Daniel Dennett says that when all the “easy” (or functional) questions about consciousness have been answered, then that's all we need to know. Or to use Dennett's own words: “Once all the Easy Problems are solved, consciousness is explained.”

So what are these easy questions? According to David Chalmers (whom Dennett was partly responding to), they include:

... all the cognitive and behavioural functions in the vicinity of experience – perceptual discrimination, categorisation, internal access, verbal report...”

Of course Chalmers offers a riposte to Dennett by saying that

there may still remain a further unanswered question: Why is the performance of these functions accompanied by experience?

Is it that Dennett simply ignores this question? Surely not. Does he see it as a “pseudo-problem”? Possibly. He certainly sees qualia as pseudo-entities, so perhaps this “problem of consciousness” is a pseudo-problem. But why?

Chalmers himself comments on Dennett's position (or on those who hold a similar position). He says that people like Dennett “deny the phenomenon”. Chalmers continues:

... once we have explained the functions such as accessibility, reportability, and the like, there is no further phenomenon called 'experience' to explain. Some explicitly deny the phenomenon, holding, for example that what is not externally verifiable cannot be real. Others achieve the same effect by allowing that experience exists, but only if we equate 'experience' with something like the capacity to discriminate and report.”

The obvious point to make here is that if

accessibility, reportability, discrimination, etc. = experience (or consciousness)

then why use the word 'experience' (or 'consciousness') at all? The problem here is that these elimitivists may well agree with that statement. In other words, why bother talking about experience or consciousness? Let's just stick to more scientific terms such as 'accessibility', 'reportability', etc.

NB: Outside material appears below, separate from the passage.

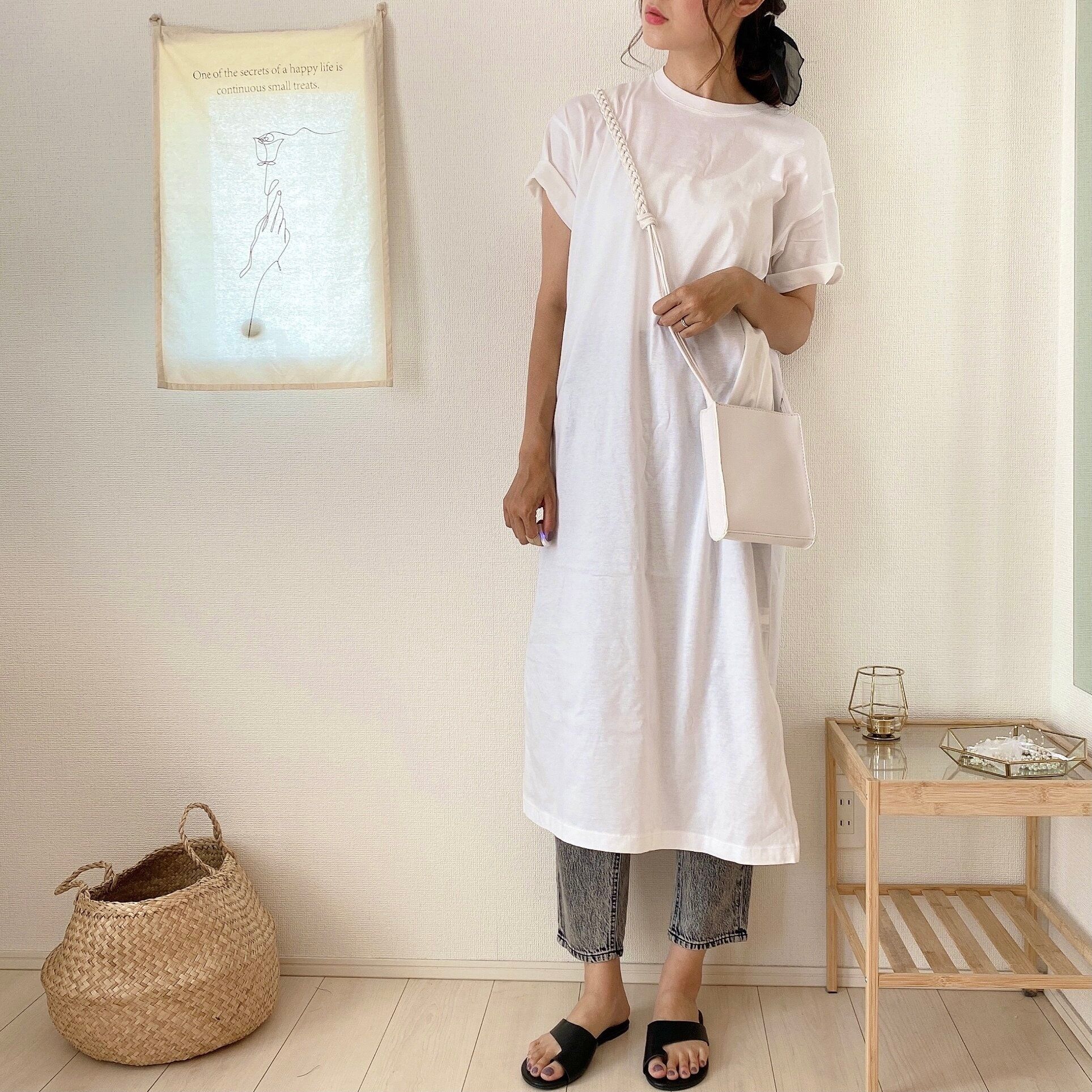 ロング丈のTシャツワンピースとデニムのカジュアルコーデにあわせてみました♡トングサンダルなので肌の露出する面積が多いため、足元に抜け感が出来て夏コーデもさらに爽やかな印象になります!またトングサンダルを合わせるだけで一気に今年らしい印象になるのも嬉しいポイントです!

This verificationist position, on the other hand, seems both obviously false and absurd. Yes, there is a problem – indeed a scientific problem – with verifiability when it comes to experience and the mind generally. Though having a scientific or philosophical problem with X doesn't automatically mean that X “can't be real” or doesn't exist.

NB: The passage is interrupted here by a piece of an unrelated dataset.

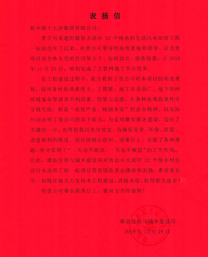 1月8日,河北省雄縣住房與城鄉(xiāng)建設(shè)局發(fā)來表揚(yáng)信,對中國十七冶集團(tuán)交通工程技術(shù)分公司承建的雄縣大清河32個傍水村生活污水治理項目順利完成主管網(wǎng)施工任務(wù)予以大加贊揚(yáng),對公司領(lǐng)導(dǎo)的高度重視及項目部全體人員的辛勤付出給予了充分肯定和認(rèn)可。

The basic point is that “perceptual discrimination, categorisation, internal access, verbal report” could all occur without consciousness or experience. Is that true? (That's question against Chalmers rather than against Dennett.) And even if they could occur - in principle - without consciousness, perhaps they still always come along with consciousness... at least in human beings.

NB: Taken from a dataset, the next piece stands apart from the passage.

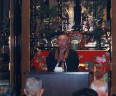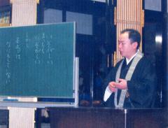 午前九時半からの満日中の後、住職の御俗姓の拝読、和田英昭さんの前座法話、黒田進先生の法話です。

One argument would be that all these functional things can happen within a computer. A computer could perceptually discriminate, categorise, have internal access to its own states or information and even verbally report things. In fact computers do these things today. However, computers aren't conscious – they don't experiences anything when they carry out these functions. Despite saying that, wouldn't a functionalist, Dennett or a believer in AI say that if a computer carries out these functions then, by definition, it would be conscious? Chalmers would deny that. However, many scientists and some philosophers wouldn't.

Or is the argument that if these functions are carried out without consciousness in computers, then that could also be the case with human beings? Indeed is the argument stronger than that? If they occur without consciousness in computers, the they must occur without consciousness in humans. That seems obviously false.

It can also be said that consciousness or experience itself is functional. Or, at the least, it has a “functional role”. That's exactly the possibility which Chalmers brings up. He writes:

This is not to say that experience has no function. Perhaps it will turn out to play an important cognitive role.”

I would say that experience/consciousness obviously has a “cognitive role”. Indeed why does Chalmers see it as a mere possibility rather than an actuality? There are of course brain functions which occur which we aren't conscious of. Though there are functions which we are conscious of. Indeed there are some functions which at certain points we're not conscious of and which we then become conscious of.


Chalmers, David, 'Facing up to the problem of consciousness', from the Journal of Consciousness Studies 2 (1995).